::: DATA SUPPLIED :::

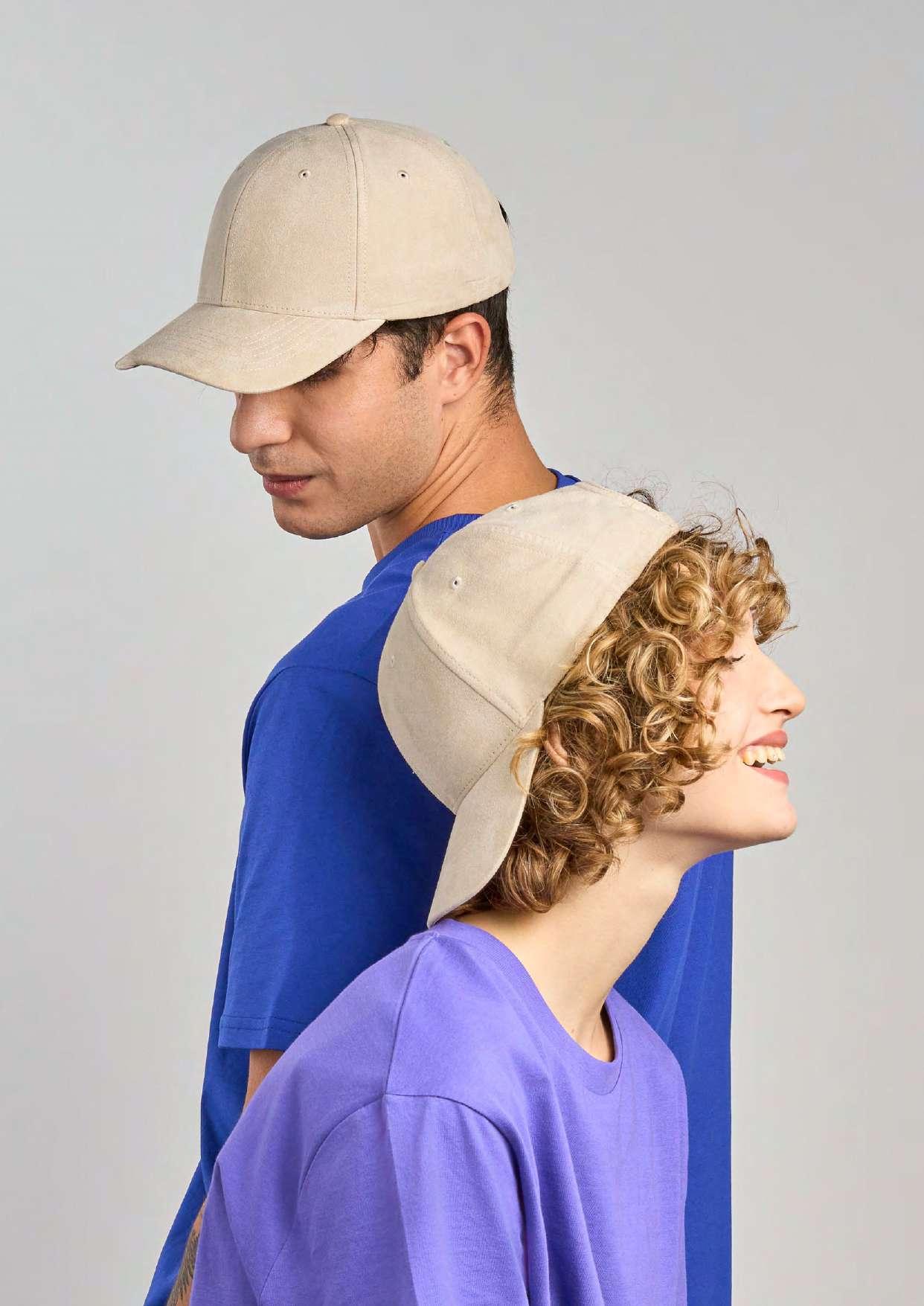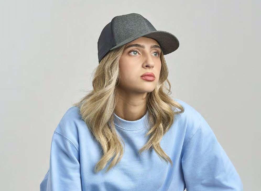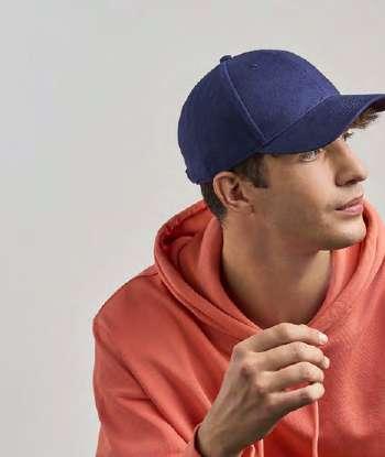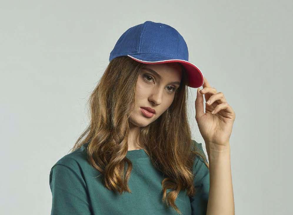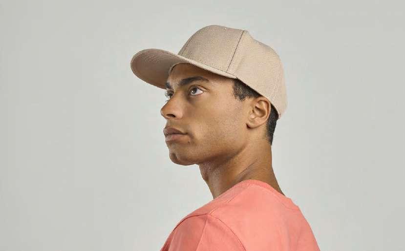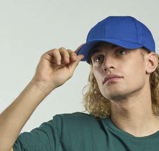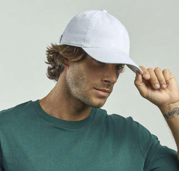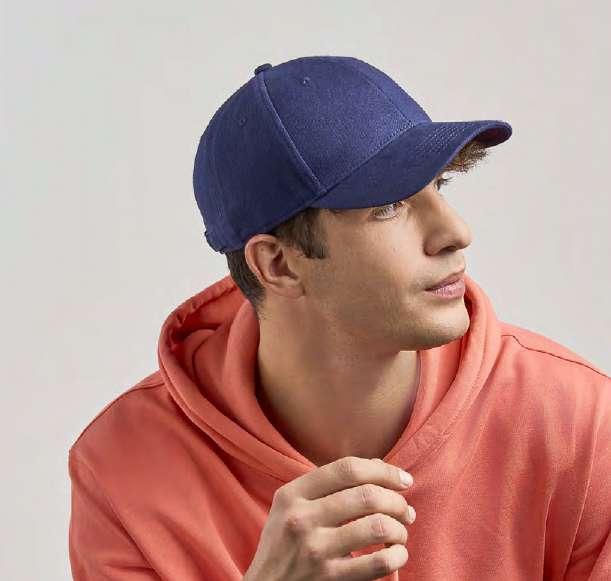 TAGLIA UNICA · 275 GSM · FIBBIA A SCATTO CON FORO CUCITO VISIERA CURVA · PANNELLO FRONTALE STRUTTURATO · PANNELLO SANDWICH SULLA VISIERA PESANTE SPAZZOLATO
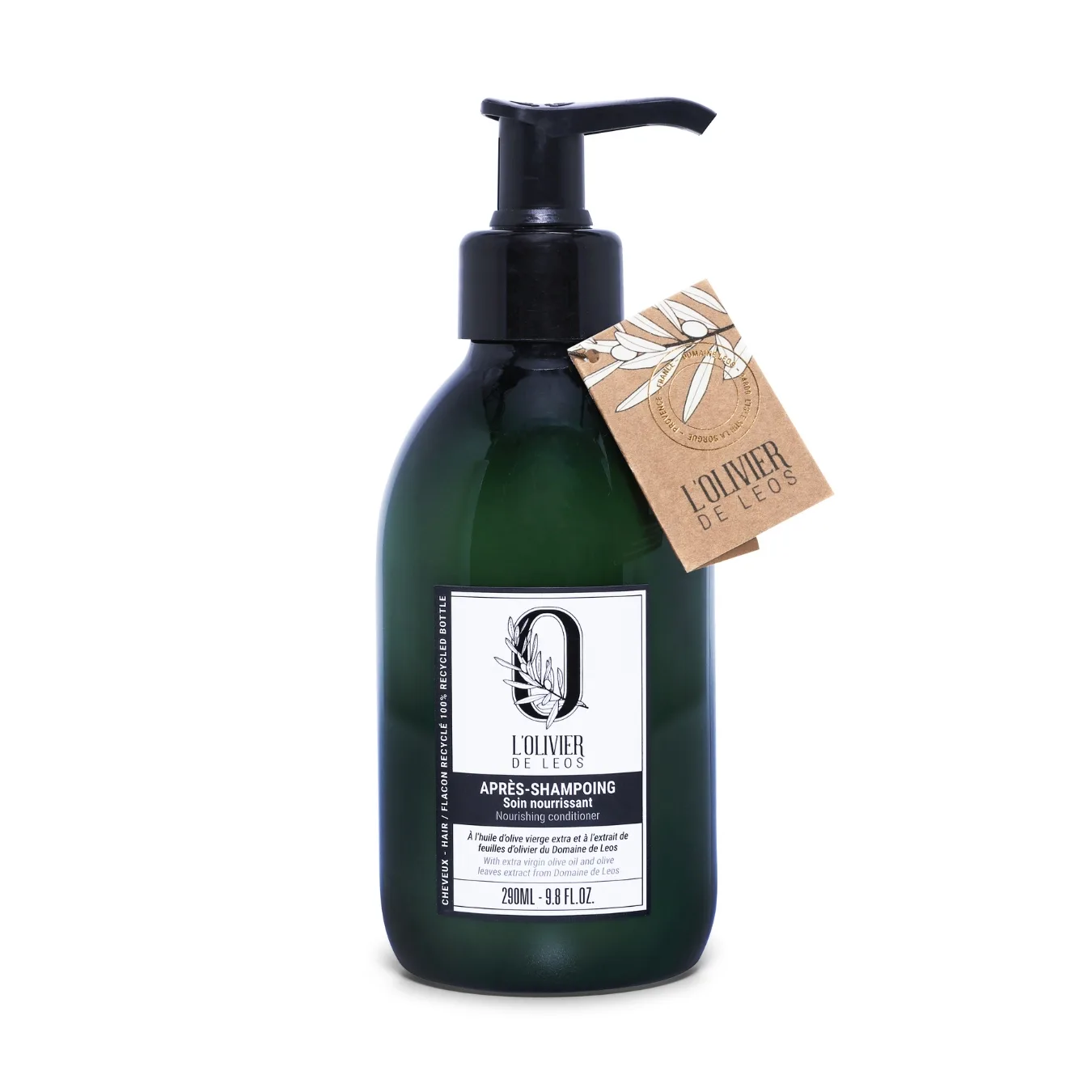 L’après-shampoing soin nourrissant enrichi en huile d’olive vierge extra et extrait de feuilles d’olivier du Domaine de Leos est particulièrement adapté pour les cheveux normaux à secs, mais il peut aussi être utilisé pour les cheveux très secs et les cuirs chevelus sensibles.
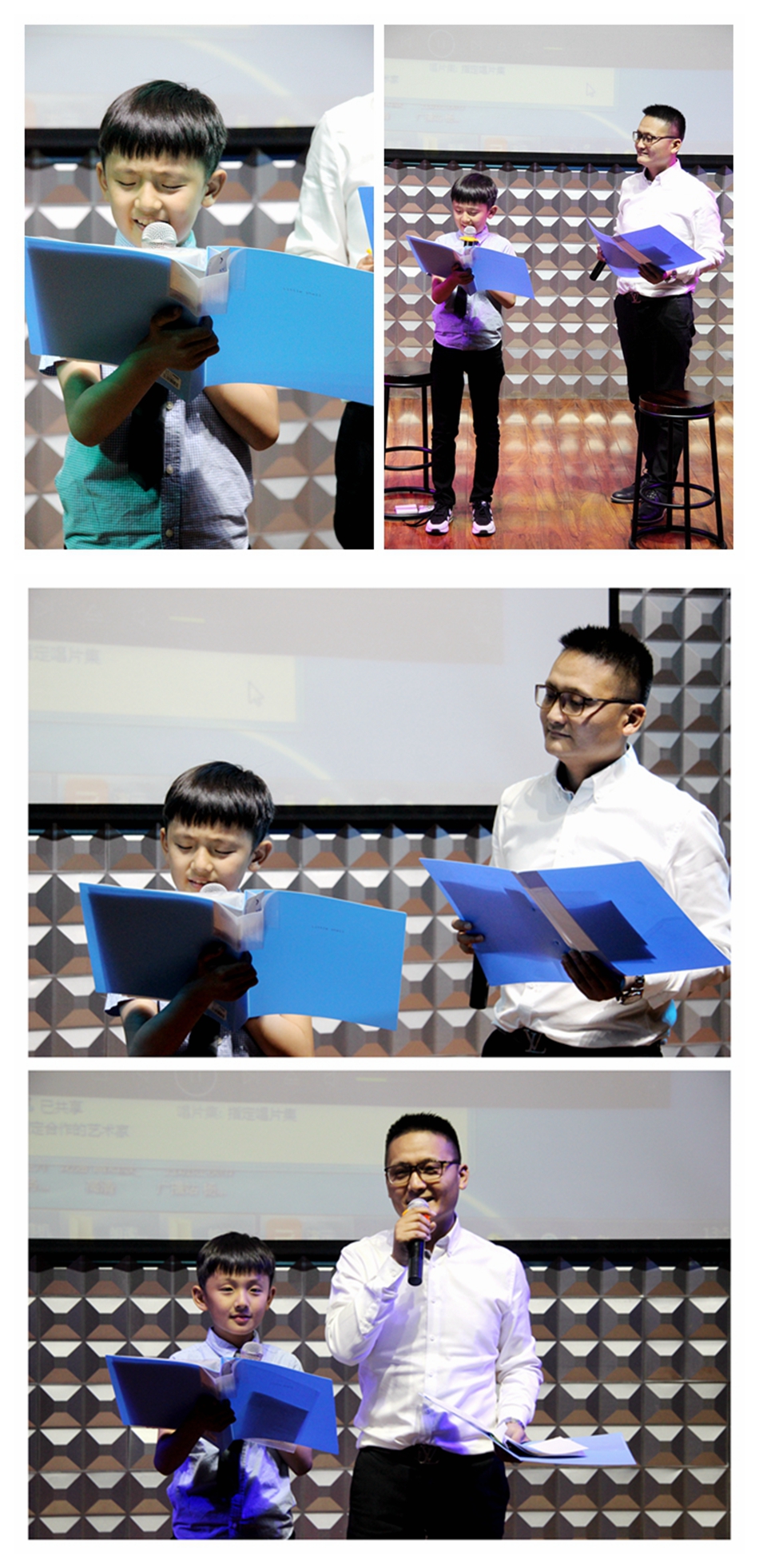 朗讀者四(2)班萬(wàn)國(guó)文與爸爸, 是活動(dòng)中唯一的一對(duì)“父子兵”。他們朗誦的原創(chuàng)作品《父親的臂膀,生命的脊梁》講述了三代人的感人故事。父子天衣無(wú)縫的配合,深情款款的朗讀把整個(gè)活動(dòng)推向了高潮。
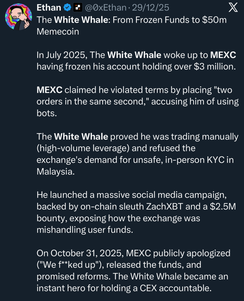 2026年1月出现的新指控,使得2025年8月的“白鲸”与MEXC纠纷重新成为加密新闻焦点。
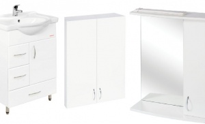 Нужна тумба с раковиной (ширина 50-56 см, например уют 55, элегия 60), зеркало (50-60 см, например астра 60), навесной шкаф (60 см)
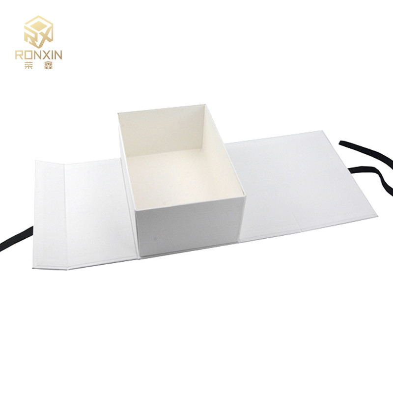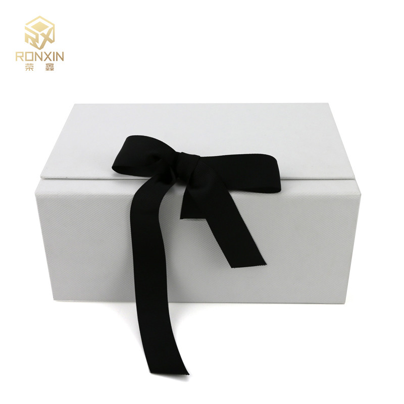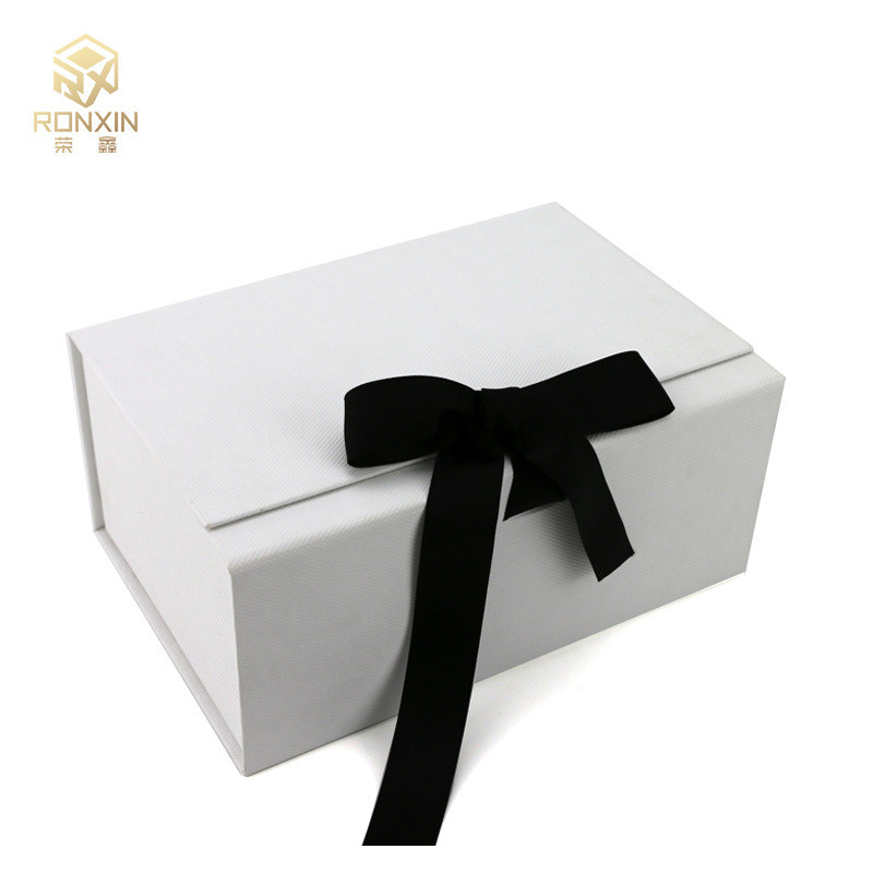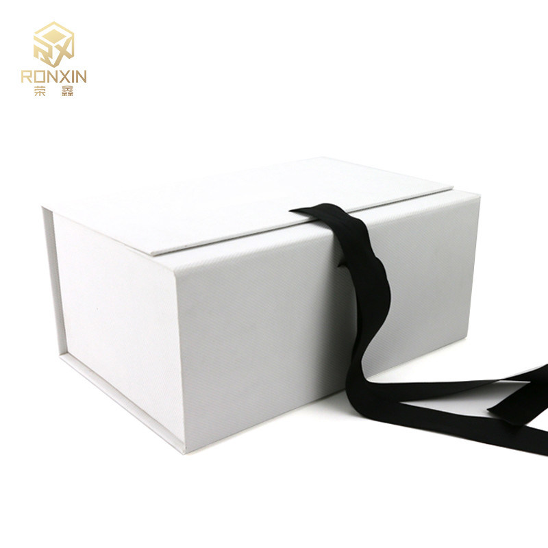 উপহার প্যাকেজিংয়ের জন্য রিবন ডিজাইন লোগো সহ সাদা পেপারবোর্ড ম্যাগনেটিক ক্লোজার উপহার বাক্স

:::

*EXERCISE PROMPT*:
Return exactly the lines from the line with "Нужна тумба с" through the last line of the data above, both included; pictures do not go in the answer.

*PROBLEM SOLUTION*:
 Нужна тумба с раковиной (ширина 50-56 см, например уют 55, элегия 60), зеркало (50-60 см, например астра 60), навесной шкаф (60 см)
 উপহার প্যাকেজিংয়ের জন্য রিবন ডিজাইন লোগো সহ সাদা পেপারবোর্ড ম্যাগনেটিক ক্লোজার উপহার বাক্স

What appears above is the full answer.